A pharmaceutical combination in kit form is further provided that includes, in packaged combination, a carrier means adapted to receive a container means in close confinement therewith and a first container means including an interfering RNA composition and an scAAV vector. Such kits can further include, if desired, one or more of various conventional pharmaceutical kit components, such as, for example, containers with one or more pharmaceutically acceptable carriers, additional containers, etc., as will be readily apparent to those skilled in the art. Printed instructions, either as inserts or as labels, indicating quantities of the components to be administered, guidelines for administration, and/or guidelines for mixing the components, can also be included in the kit.

The references cited herein, to the extent that they provide exemplary procedural or other details supplementary to those set forth herein, are specifically incorporated by reference.

Those of skill in the art, in light of the present disclosure, will appreciate that obvious modifications of the embodiments disclosed herein can be made without departing from the spirit and scope of the invention. All of the embodiments disclosed herein can be made and executed without undue experimentation in light of the present disclosure. The full scope of the invention is set out in the disclosure and equivalent embodiments thereof.
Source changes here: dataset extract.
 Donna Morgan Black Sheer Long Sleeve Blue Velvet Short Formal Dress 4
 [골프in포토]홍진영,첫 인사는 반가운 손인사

The specification should not be construed to unduly narrow the full scope of protection to which the present invention is entitled.

It should be understood that the foregoing disclosure emphasizes certain specific embodiments of the invention and that all modifications or alternatives equivalent thereto are within the spirit and scope of the invention as set forth in the appended claims.

Claims

1. A method of attenuating expression of a target mRNA in an eye of a patient, comprising: wherein the interfering RNA molecule can attenuate expression of the target mRNA in the eye.
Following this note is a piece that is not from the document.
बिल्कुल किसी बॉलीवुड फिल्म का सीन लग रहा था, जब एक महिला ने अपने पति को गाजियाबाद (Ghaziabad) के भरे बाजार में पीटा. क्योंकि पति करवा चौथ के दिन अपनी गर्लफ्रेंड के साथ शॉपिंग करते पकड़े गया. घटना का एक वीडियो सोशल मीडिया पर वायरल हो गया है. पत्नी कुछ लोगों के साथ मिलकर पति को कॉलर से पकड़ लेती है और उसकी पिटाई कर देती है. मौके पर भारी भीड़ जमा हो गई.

(a) providing a self-complimentary adeno-associated virus (scAAV) vector comprising an interfering RNA molecule; and

(b) administering the scAAV vector to the eye of the patient,

2. The method of claim 1, wherein the scAAV vector is packaged in a scAAV virion.

3. The method of claim 1, wherein said vector is administered by intraocular injection, ocular topical application, intravenous injection, oral administration, intramuscular injection, intraperitoneal injection, transdermal application, or transmucosal application.
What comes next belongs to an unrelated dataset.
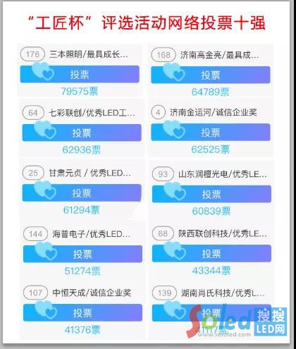 雖說(shuō)現(xiàn)在還只是此次評(píng)選活動(dòng)最初的報(bào)名及網(wǎng)絡(luò)投票階段,但作為此次“工匠杯”LED顯示應(yīng)用行業(yè)評(píng)選活動(dòng)組委會(huì)工作組成員,我們每天都被積極參與此次“工匠杯”評(píng)選活動(dòng)的熱心企業(yè)和人士所感動(dòng)著,激勵(lì)著……看著他們每天不遺余力地投票、拉票,在各個(gè)朋友圈、親友圈、同學(xué)圈、老鄉(xiāng)圈等各行各業(yè)的圈子里,為拉票而盡情地“煽情”,真是”躹躬盡瘁,死而后已”啊! 我們由衷地認(rèn)為,參與此次“工匠杯”LED顯示應(yīng)用行業(yè)評(píng)選活動(dòng)的人,無(wú)愧于當(dāng)前行業(yè)最可愛(ài)的人。

4. The method of claim 1, wherein the interfering RNA molecule is a siRNA, miRNA, or shRNA.

5. The method of claim 1, wherein the target mRNA is associated with an ocular disorder.

6. The method of claim 5, wherein the ocular disorder is associated with ocular angiogenesis, dry eye, ocular inflammatory conditions, ocular hypertension, or glaucoma.

7. A pharmaceutical composition comprising a self-complimentary adeno-associated virus (scAAV) vector carrying a therapeutically effective amount of an interfering RNA molecule and an ophthalmically acceptable carrier, wherein the interfering RNA molecule can attenuate expression of a gene associated with an ocular disorder.

8. The composition of claim 7, wherein the scAAV vector is packaged in a scAAV virion.

9. The method of claim 7, wherein the interfering RNA molecule is a siRNA, miRNA, or shRNA.

10. The method of claim 7, wherein the ocular disorder is associated with ocular angiogenesis, dry eye, ocular inflammatory conditions, ocular hypertension, or glaucoma.